Friday, August 26, 2022

Review Buku "Berjalan Jauh", Karya Fauzan Mukrim

Akan ada banyak hal saat kita melakukan perjalanan ke suatu tempat. Kita akan banyak menemukan hal-hal baru yang sedikit/banyak akan memengaruhi cara pandang kita terhadap sesuatu. Namun dalam menangkap pesan-pesan tersebut, kita tidak selalu bisa melakukannya. Bahkan terkadang dari hal-hal yang telah kita temui sehari-hari, kita masih luput untuk menangkap pesan apa yang dimaksud.


Buku dengan judul "Berjalan Jauh" ini mengantarkan kita untuk sedikit lebih peka terhadap apa yang ada di sekitar kita. Sebuah buku yang ditulis oleh Fauzan Mukrim, seorang jurnalis yang pernah bekerja di stasiun tv swasta. Dicetak pada tahun 2018 dan diterbitkan melalui penerbit Katadepan.

Tampilan buku ini merupakan pesan-pesan kehidupan yang diberikan oleh penulis kepada anaknya. Diambil dari pengalaman sehari-hari yang dilalui oleh penulis. Karena itu, saat membacanya pun dapat terbawa suasana seolah sedang mendengarkan kisah serta nasihat dari seorang ayah. 


Pada bagian "Hikayat Kaktus dan Pohon Jati" (hal. 17) terdapat pesan yang menurutku sangat dalam maknanya:

"Pohon jati juga tanaman yang adaptif. Namun, agar bertahan di musim kering, pohon jati harus menggugurkan sebagian bahkan hampir seluruh daunnya. Kita kaktus, Nak. Itu artinya kita akan bertahan tanpa harus mengabaikan atau menganggap yang lain tidak penting".

Kondisi yang digambarkan tersebut merupakan pengingat agar kita tidak terjebak dalam sikap yang provokatif, mengorbankan orang lain untuk menyelamatkan kepentingan diri sendiri. Betapa banyak kasus yang terjadi, di mana saat berada dalam situasi yang sulit, bergegas untuk mengamankan diri sendiri dengan bertindak kejam terhadap yang lain.

Link Shopee buku Berjalan Jauh : https://shope.ee/1L4onBbLBU


Kemudian juga terdapat pesan yang tidak kalah menarik pada bagian judul "Balapan Sepeda" (hal. 207). Penulis menjelaskan perihal sebuah kemenangan yang seringkali membuat kita lalai dan berbangga berlebihan.
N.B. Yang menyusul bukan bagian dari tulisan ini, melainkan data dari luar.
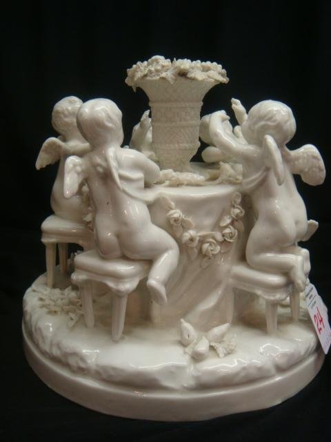 Blanc de Chine Cherubs Around Table Figurine:

Dalam ceritanya, penulis memberikan contoh pembalap asal Slovenia, Luka Pibernik. Ketika Pibernik berhasil melewati garis finis, ia beraksi melepas tangan dengan mengangkat keduanya sebagai bentuk perayaan kemenangan. Penonton pun memberikan sambutan gemuruh tepuk tangan kepadanya.
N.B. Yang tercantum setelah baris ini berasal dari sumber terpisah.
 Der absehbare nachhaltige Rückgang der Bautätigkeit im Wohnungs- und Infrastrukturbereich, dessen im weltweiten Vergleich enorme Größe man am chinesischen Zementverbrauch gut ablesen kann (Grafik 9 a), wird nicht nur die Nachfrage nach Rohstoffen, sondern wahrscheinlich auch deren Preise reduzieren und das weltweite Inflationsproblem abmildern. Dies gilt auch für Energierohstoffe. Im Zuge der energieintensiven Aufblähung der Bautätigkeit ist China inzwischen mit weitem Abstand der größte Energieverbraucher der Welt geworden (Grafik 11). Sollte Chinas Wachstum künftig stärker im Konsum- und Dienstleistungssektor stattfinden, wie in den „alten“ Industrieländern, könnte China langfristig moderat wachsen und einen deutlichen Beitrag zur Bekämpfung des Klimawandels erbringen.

Namun ternyata, garis yang baru saja dilewatinya (yang disangka garis finis) masih memperlukan satu lap atau sekitar enam kilometer lagi. Posisi yang sebelumnya berada di baris paling depan, telah disalip oleh ratusan pembalap lain. Kemenangan dan kebanggaan yang sebelumnya sudah sangat dekat ia rasakan, justru beralih menjadi rasa malu dan penyesalan. Sehingga ia berakhir menempati posisi ke-148.


"Begitulah, Nak. Sekiranya pun kau menganggap dirimu sudah memenangi sebuah perlombaan, jangan terlalu cepat merayakan. Biasakan tengok kanan kiri dulu. Karena kehidupan kadang punya cerita bercandanya sendiri. Dan itu tidak selalu lucu buat kita". Pesan penulis untuk menutup kisah tersebut.

Pada salah satu babnya, penulis mengatakan, bahwa pada akhirnya berjalan jauh bukan selalu soal seberapa jauh kita telah pergi, namun seberapa dalam kita bisa menemukan diri di mana pun kita berada.